-- SOURCE RECORDS follows --
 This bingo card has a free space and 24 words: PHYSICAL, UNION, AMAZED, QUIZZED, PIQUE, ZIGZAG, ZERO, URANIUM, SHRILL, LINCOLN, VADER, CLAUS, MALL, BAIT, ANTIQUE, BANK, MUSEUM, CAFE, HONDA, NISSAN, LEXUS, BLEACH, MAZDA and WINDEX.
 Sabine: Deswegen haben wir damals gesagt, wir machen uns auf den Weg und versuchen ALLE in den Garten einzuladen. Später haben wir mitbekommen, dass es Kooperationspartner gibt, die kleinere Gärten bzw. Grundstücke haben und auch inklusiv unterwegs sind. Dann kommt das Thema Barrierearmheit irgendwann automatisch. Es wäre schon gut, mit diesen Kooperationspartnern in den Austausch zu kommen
-- SOURCE RECORDS concluded --
-- SOURCE RECORDS follows --
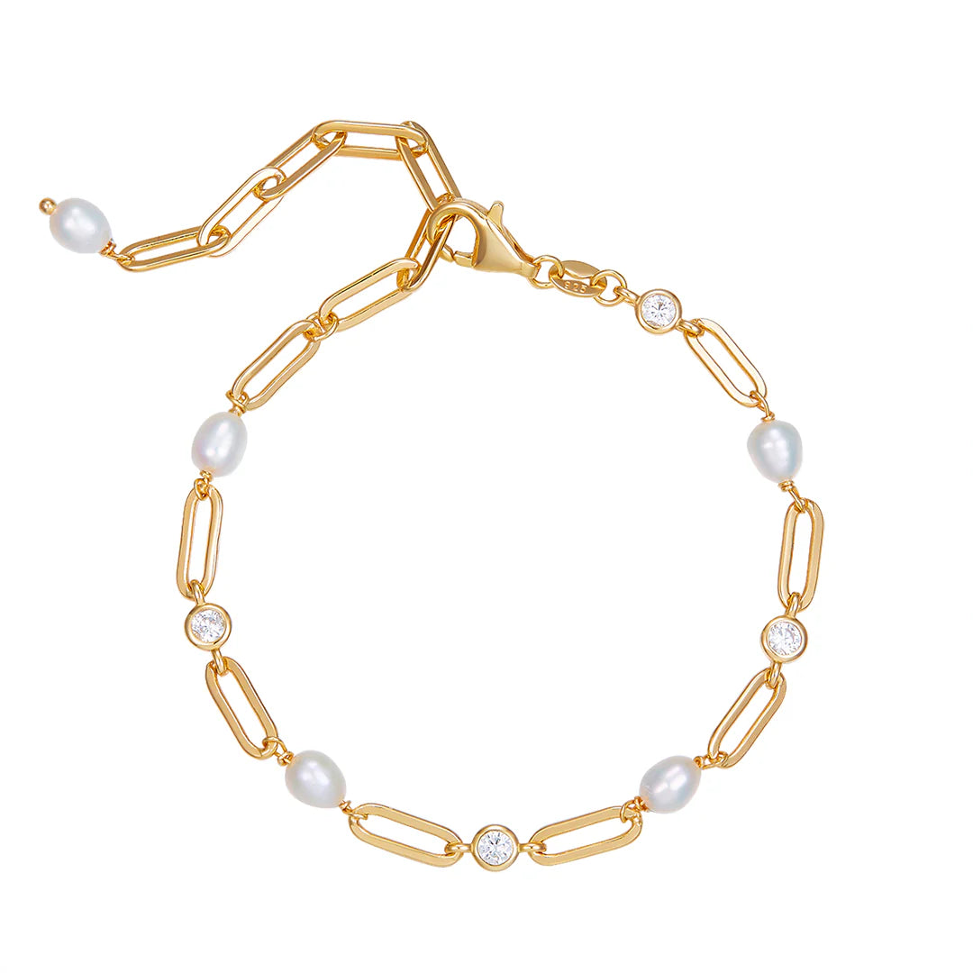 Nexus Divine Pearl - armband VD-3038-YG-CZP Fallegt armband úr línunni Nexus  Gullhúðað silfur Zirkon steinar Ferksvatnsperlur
-- SOURCE RECORDS concluded --
## WORK TASK
In the listing above, find the line with "This bingo card" and the line with "Sabine: Deswegen haben", then print exactly those two lines and every line between them, and nothing more.

## RESPONSE AREA
 This bingo card has a free space and 24 words: PHYSICAL, UNION, AMAZED, QUIZZED, PIQUE, ZIGZAG, ZERO, URANIUM, SHRILL, LINCOLN, VADER, CLAUS, MALL, BAIT, ANTIQUE, BANK, MUSEUM, CAFE, HONDA, NISSAN, LEXUS, BLEACH, MAZDA and WINDEX.
 Sabine: Deswegen haben wir damals gesagt, wir machen uns auf den Weg und versuchen ALLE in den Garten einzuladen. Später haben wir mitbekommen, dass es Kooperationspartner gibt, die kleinere Gärten bzw. Grundstücke haben und auch inklusiv unterwegs sind. Dann kommt das Thema Barrierearmheit irgendwann automatisch. Es wäre schon gut, mit diesen Kooperationspartnern in den Austausch zu kommen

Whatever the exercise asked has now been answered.